- WHAT NEEDS TO BE DONE
Beneath this line sits some data. Return only its lines from the one holding "-. Feature : Lightweight" through the one holding "再ログイン後、デスクトップ右に、「Conky」の表示が現れます。", inclusive, exactly, with the images removed.

- DATA SUPPLIED

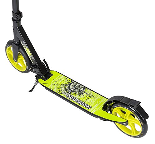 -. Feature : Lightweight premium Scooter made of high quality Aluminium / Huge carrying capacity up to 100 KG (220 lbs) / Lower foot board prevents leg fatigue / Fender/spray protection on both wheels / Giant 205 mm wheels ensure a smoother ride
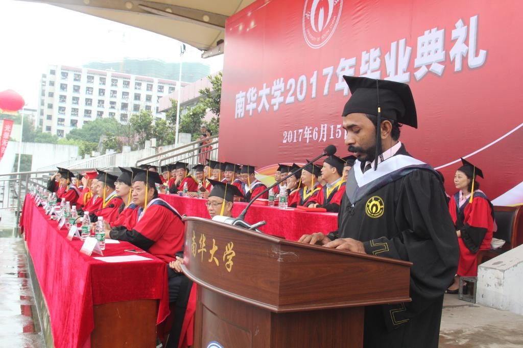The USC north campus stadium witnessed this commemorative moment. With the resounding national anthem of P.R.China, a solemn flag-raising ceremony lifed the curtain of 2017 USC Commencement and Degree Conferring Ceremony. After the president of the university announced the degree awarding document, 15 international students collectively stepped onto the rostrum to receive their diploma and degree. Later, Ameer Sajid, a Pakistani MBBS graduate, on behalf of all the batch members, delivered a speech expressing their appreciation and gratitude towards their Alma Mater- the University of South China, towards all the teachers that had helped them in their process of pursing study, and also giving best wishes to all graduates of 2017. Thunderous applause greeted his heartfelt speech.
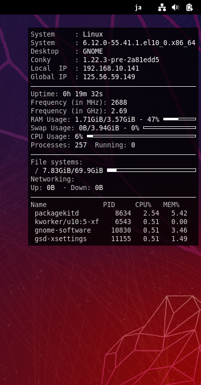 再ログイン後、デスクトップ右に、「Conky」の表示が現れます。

--

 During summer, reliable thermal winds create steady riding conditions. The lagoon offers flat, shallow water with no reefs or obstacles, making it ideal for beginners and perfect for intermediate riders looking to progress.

- EXERCISE ANSWER
 -. Feature : Lightweight premium Scooter made of high quality Aluminium / Huge carrying capacity up to 100 KG (220 lbs) / Lower foot board prevents leg fatigue / Fender/spray protection on both wheels / Giant 205 mm wheels ensure a smoother ride
The USC north campus stadium witnessed this commemorative moment. With the resounding national anthem of P.R.China, a solemn flag-raising ceremony lifed the curtain of 2017 USC Commencement and Degree Conferring Ceremony. After the president of the university announced the degree awarding document, 15 international students collectively stepped onto the rostrum to receive their diploma and degree. Later, Ameer Sajid, a Pakistani MBBS graduate, on behalf of all the batch members, delivered a speech expressing their appreciation and gratitude towards their Alma Mater- the University of South China, towards all the teachers that had helped them in their process of pursing study, and also giving best wishes to all graduates of 2017. Thunderous applause greeted his heartfelt speech.
 再ログイン後、デスクトップ右に、「Conky」の表示が現れます。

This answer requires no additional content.